4) Figure 8C and D. It is noted that "… in cells lacking Tpx, the mitochondrial sensors are still able to respond to exogenously applied H₂O₂, in sharp contrast to the situation in the cytosol." Indeed, comparison of these graphs with those of Figure 5C and D, right panels shows a different response. However, the response of the non-induced cells (i.e., maintaining Tpx), is apparently quite different and more marked in the case of the mitochondrial sensors. Could it be that cells expressing the mito probes have inherent higher reactivity and resistance to oxidative stress?

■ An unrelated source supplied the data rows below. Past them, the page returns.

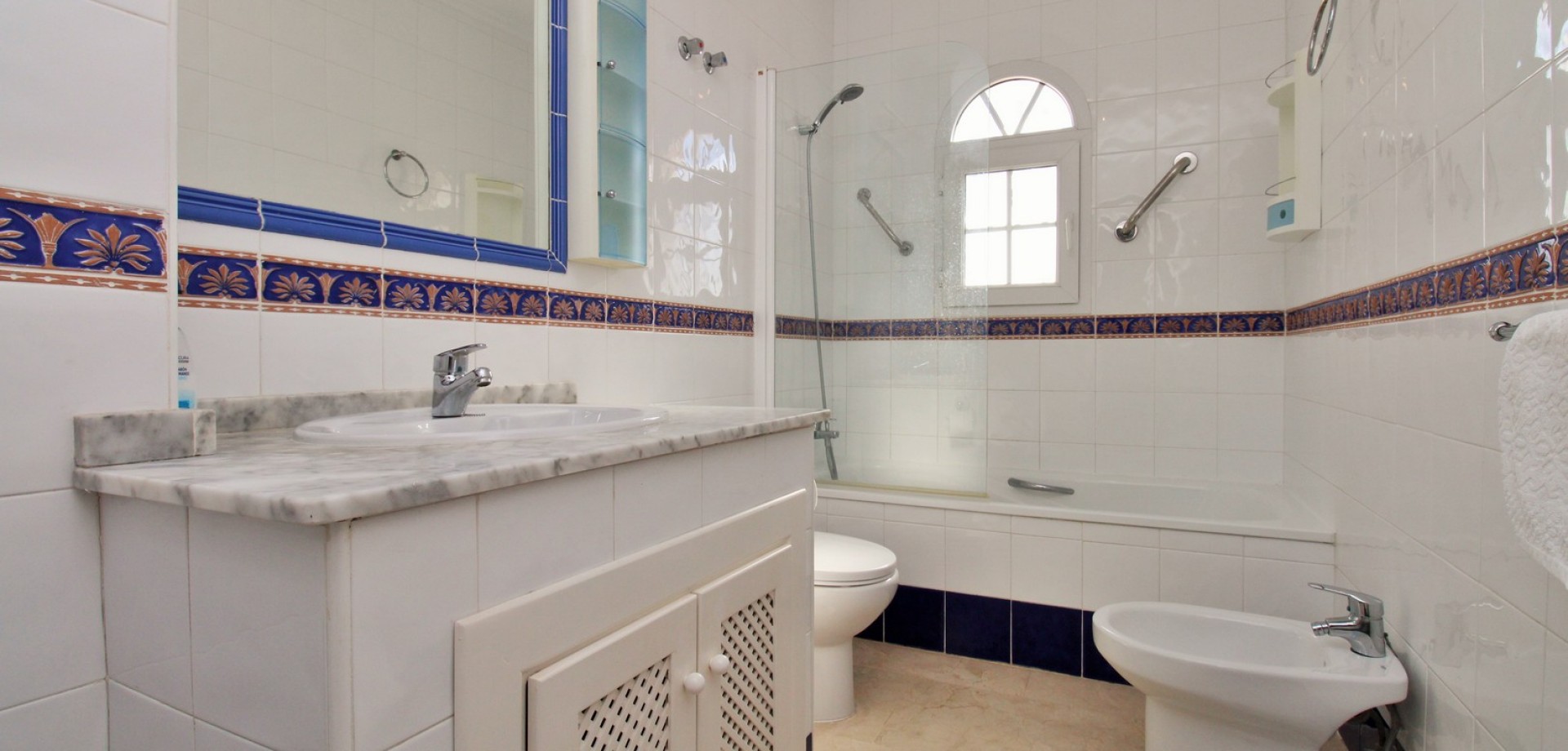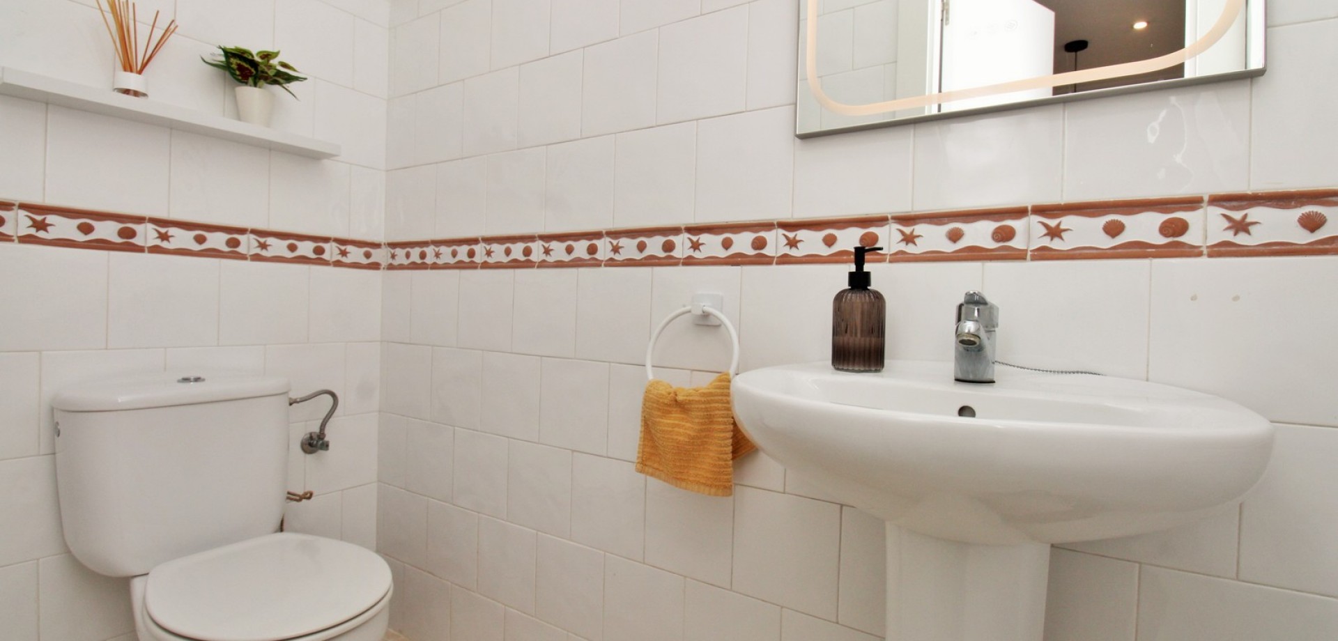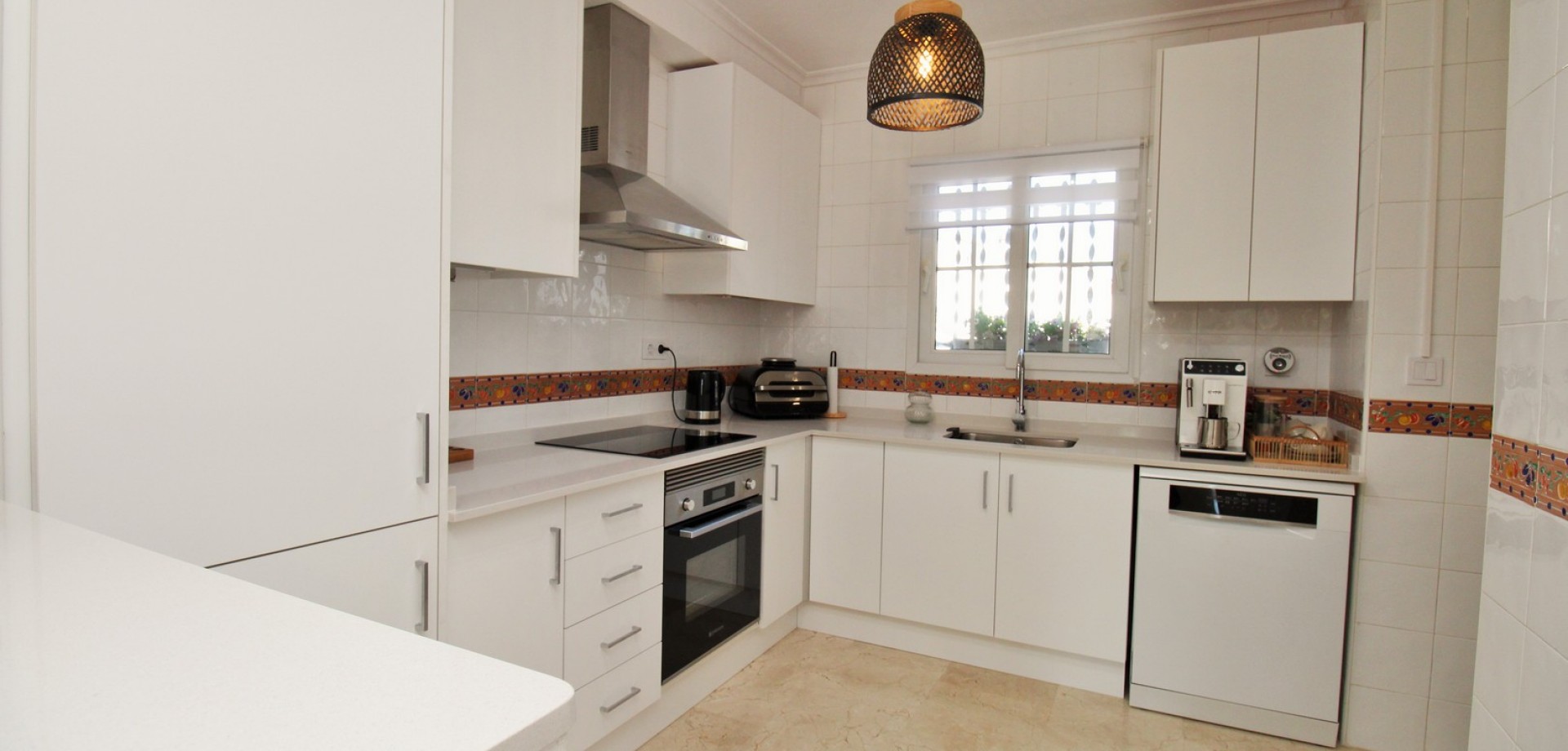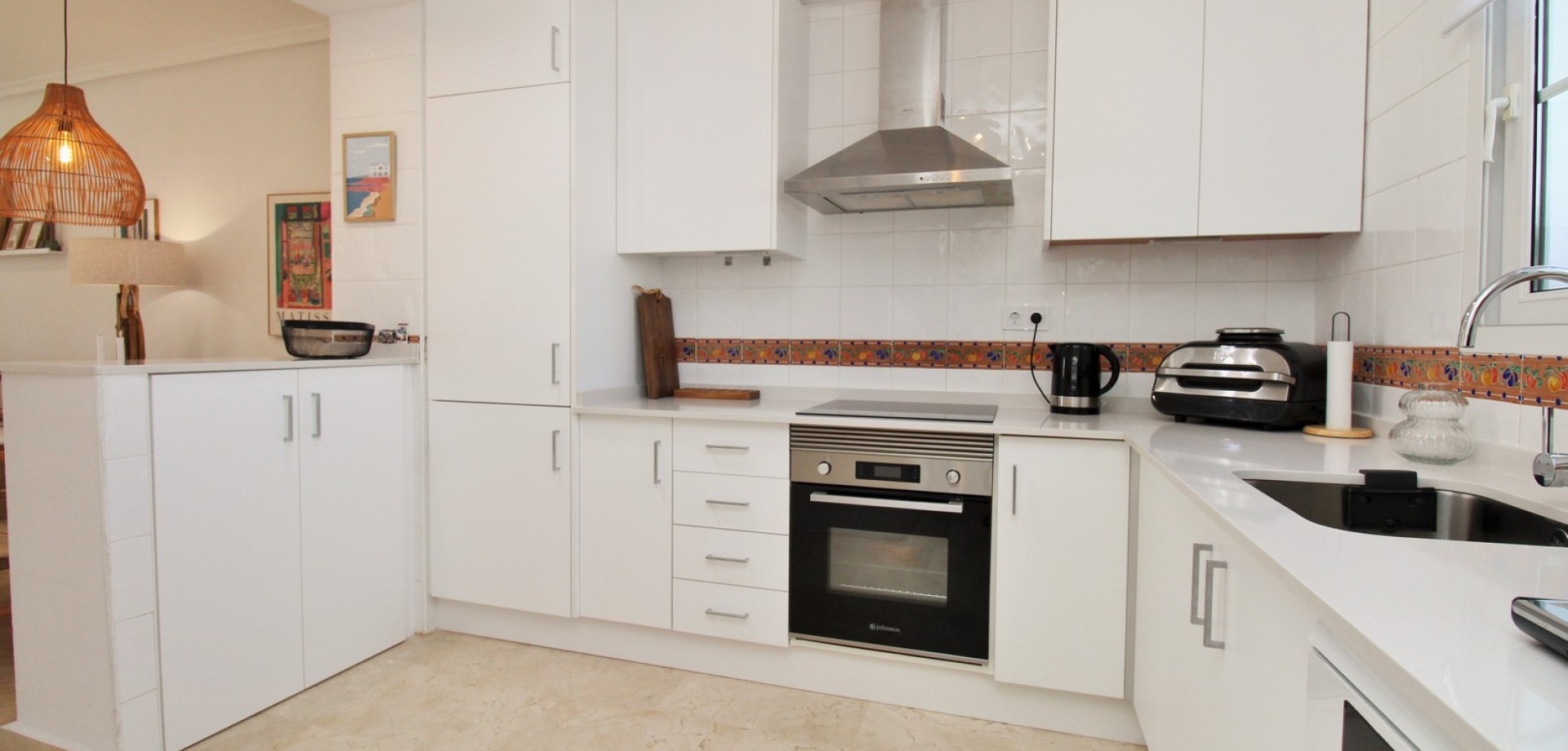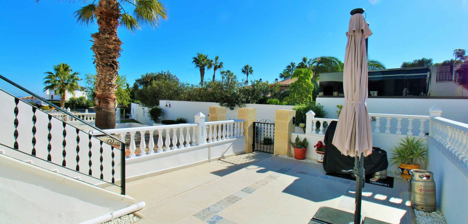 An exceptional South-facing Sofía-style townhouse with sea and pool views, perfectly positioned in the prestigious R1B gated community of Las Violetas, Villamartin. Over the past year the property has undergone extensive upgrades, including newly tiled gardens, refurbished terraces, a brand-new kitchen, retractable awnings, and high-quality furnishings and appliances. A superb opportunity in one of Villamartin’s most sought-after locations. Located just a five-minute walk from Villamartin Plaza and the golf course, this immaculate home offers the ideal blend of comfort, style, and convenience. The beautifully maintained community provides residents with a communal swimming pool and landscaped gardens. Inside, the ground floor features a bright and spacious lounge-dining area with a feature fireplace, a fully renovated modern kitchen with utility area, and a guest WC. Both the front and rear gardens have been newly retiled, and the elevated front terrace — complete with retractable sun awnings — overlooks the pool area. Upstairs are two double bedrooms with fitted wardrobes and a family bathroom. The main bedroom opens onto a private South-facing balcony with wonderful sea and pool views. Internal stairs lead up to a large private roof solarium offering panoramic Mediterranean views — perfect for relaxing or entertaining. The property is sold fully furnished, includes air-conditioning, and is presented in pristine condition throughout. Just a short stroll from a fantastic selection of restaurants, bars, shops, and the golf course, and only minutes by car to Zenia Boulevard and the Blue Flag beaches of the Orihuela Costa. Homes in Las Violetas are rarely available for long — early viewing recommended.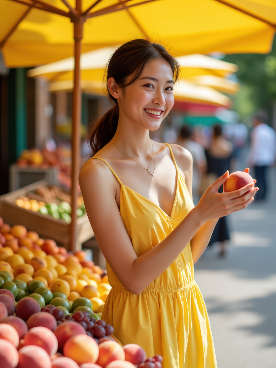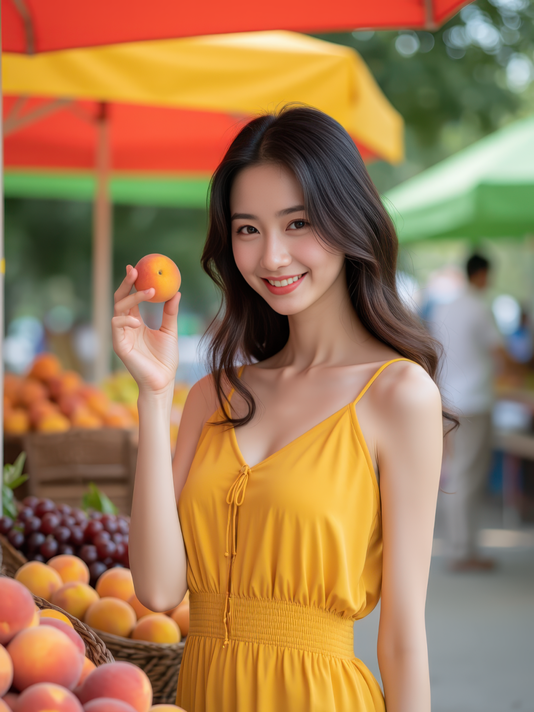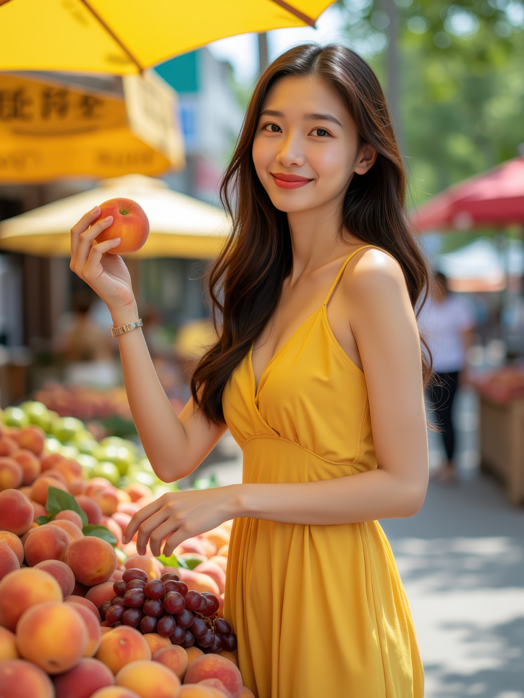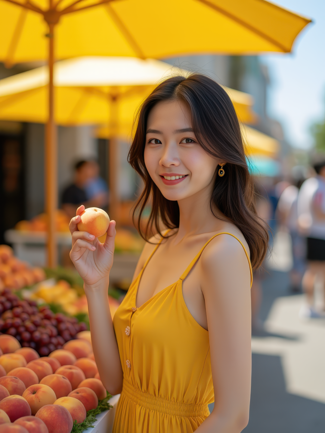在一个彩色遮阳伞下的街头水果摊前,一位穿着黄色夏日裙装的东亚年轻女子正在挑选桃子和葡萄。她单手拿起一个水果,略带微笑地望向镜头。竖构图,七分身,色彩对比丰富,8K 超写实。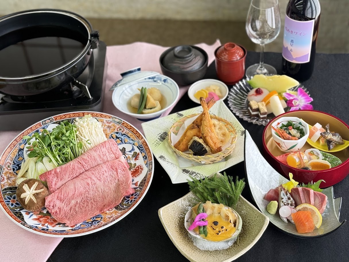 季節の食材を使った会席料理に海の幸と特選牛肉がついた当館最高級のフルコースをご用意致します。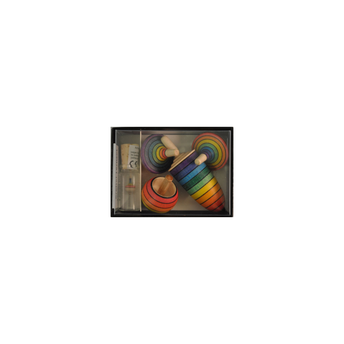 Kit d'apprentissage pour toupie avec 5 toupies de niveau très facile à très difficile, avoir du succès en jouant, avec instructions, niveau de difficulté 1 à 6, bandes dans les couleurs de l'arc-en-ciel.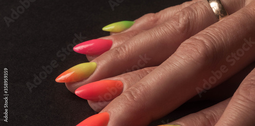 Kolorowe paznokcie przedstawione z bardzo bliska, na ciemnym tle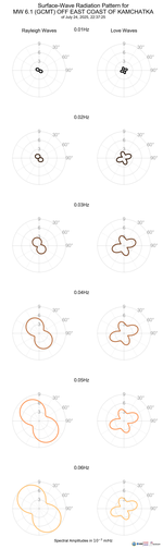 Surface-Wave Radiation Patterns for MW 6.1 OFF EAST COAST OF KAMCHATKA |

All cell lines expressing the mitochondrial sensors revealed a slightly higher basal OxD, stronger oxidation by hydrogen peroxide and delayed re-reduction when compared to cells harboring the respective cytosolic sensor (compare Figure 7B, D, F with Figure 7B, D, F as well as Figure 5C and D with Figure 8C and D). If the mitochondrial sensors conferred to the cells an inherent higher reactivity and resistance to oxidative stress, one would expect the opposite behavior. Yet, to address this point more explicitly, we treated mito-roGFP2-Tpx-expressing cells and WT parasites with H₂O₂. As shown in the new Figure 7—figure supplement 3, both cell types displayed an identical sensitivity.